We ALL make mistakes and it’s important to remember that mistakes are part of learning and improving. Whether you’re an employee or a leader, hiding mistakes is a sure way to lose trust, respect, and credibility with those you work with. But, as the leader, you also need to understand that when employees make a mistake the blame also falls on you. Leaders who want to have an impact know that accepting responsibility for the good and the bad builds trust and credibility with their teams, which is far more valuable than being right or correct. This doesn’t mean you stop holding your employees accountable. It means that you must also hold yourself accountable as the person who is responsible for how well your employees perform.

Be there for people.

Leaders manage people, not tasks. Employees who are micro-managed feel they are not trusted to do their work. Strong leaders allow people to experiment, take risks, and learn from failure as well as their own choices.
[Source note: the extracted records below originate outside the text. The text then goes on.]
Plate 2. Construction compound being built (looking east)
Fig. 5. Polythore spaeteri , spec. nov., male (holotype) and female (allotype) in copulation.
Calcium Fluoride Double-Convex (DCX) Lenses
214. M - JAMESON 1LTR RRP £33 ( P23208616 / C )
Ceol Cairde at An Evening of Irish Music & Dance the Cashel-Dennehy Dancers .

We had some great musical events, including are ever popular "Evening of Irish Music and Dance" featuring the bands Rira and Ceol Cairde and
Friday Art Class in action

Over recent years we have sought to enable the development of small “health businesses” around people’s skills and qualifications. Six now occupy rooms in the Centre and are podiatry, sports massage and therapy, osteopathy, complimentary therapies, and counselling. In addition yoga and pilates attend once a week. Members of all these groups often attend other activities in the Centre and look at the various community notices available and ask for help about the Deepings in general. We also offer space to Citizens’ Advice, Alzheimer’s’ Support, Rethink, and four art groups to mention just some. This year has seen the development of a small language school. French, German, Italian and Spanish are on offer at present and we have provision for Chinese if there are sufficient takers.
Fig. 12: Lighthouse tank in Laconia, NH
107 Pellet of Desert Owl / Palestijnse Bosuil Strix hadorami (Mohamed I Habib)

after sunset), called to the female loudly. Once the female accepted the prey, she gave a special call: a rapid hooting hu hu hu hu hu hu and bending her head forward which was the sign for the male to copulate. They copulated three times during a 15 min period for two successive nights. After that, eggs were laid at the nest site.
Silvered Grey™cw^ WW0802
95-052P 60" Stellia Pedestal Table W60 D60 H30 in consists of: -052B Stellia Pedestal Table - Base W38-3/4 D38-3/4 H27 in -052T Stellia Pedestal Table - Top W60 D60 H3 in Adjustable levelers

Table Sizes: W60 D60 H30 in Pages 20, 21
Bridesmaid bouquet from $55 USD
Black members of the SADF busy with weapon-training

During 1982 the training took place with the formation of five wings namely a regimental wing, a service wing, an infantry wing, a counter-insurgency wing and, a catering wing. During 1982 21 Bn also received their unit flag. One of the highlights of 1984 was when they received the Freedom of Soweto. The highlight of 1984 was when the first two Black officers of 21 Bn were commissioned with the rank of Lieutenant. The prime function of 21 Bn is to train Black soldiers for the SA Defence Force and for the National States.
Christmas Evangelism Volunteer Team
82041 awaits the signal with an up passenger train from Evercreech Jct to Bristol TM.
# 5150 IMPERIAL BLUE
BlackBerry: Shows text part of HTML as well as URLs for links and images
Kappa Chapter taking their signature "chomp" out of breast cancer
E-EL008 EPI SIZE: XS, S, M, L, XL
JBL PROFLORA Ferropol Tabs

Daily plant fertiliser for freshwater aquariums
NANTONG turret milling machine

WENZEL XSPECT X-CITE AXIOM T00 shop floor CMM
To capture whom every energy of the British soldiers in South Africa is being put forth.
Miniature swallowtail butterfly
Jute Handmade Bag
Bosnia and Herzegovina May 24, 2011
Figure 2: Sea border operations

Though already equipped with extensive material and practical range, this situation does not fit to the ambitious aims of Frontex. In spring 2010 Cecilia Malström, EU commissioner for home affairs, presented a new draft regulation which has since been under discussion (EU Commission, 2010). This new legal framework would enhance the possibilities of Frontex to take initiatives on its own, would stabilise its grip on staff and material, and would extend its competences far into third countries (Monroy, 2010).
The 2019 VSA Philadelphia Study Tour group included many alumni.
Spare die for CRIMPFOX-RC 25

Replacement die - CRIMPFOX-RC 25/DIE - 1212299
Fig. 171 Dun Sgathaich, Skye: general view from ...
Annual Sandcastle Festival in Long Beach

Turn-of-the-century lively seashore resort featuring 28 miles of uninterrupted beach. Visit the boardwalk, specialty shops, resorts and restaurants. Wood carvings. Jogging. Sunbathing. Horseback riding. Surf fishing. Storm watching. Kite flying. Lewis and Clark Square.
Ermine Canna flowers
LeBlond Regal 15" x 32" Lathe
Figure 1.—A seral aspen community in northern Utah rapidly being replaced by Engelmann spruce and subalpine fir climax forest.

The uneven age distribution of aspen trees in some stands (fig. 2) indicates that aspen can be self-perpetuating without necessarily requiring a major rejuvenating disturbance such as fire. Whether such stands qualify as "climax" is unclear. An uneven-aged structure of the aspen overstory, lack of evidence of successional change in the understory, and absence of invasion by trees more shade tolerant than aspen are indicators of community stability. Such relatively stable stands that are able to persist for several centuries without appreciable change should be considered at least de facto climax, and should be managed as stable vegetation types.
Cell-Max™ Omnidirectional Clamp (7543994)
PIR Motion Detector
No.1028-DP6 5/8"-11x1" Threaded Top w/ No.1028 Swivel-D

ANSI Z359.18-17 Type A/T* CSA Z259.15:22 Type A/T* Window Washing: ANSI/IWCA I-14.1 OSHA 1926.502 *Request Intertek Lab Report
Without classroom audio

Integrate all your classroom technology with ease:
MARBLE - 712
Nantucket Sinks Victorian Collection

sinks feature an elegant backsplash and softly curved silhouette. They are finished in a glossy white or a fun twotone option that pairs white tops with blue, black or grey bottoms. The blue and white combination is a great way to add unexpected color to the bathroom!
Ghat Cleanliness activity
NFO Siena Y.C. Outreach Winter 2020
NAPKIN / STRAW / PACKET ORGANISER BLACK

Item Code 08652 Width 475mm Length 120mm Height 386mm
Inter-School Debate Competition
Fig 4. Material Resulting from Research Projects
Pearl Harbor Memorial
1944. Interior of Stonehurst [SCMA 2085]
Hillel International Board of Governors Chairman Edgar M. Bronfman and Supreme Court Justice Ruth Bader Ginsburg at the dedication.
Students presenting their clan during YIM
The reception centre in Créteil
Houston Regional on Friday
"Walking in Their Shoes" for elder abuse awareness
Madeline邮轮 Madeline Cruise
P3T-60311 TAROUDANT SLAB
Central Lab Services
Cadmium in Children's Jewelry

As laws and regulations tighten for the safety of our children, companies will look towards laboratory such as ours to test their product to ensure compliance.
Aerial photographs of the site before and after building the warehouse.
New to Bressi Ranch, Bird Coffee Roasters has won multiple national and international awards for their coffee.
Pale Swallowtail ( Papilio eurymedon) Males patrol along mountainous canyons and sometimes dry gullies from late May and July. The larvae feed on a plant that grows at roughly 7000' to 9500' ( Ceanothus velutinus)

Leaders manage employees by supporting them, their efforts, and their growth. They see their employee's strengths and celebrate when they do things well. This includes giving credit where credit is due, as a leader you can’t take credit when the whole team is contributing to success.

Be assertive, not aggressive.

Although this is something that varies culturally and even within industries, you’ve got to be prepared to stand up for your values, beliefs, and ideas. This does not mean you need to push your ideas or beliefs onto others. If everyone that you work with seems accepting of everything you do and say, chances are that they are afraid of telling you the truth about how they feel. You can avoid this by encouraging sharing of opinions, debate, and discussion as a way for everyone to learn and grow, and at that same time be clear about what you are and are not willing to accept.

Be yourself.

Developing a powerful presence and having a personal impact on the things that you do does not mean that you become someone else or pretending to be someone that you’re not. Being yourself is about being accepting of your strengths and weaknesses and being willing to commit to ongoing development so that you can be the best person you can be.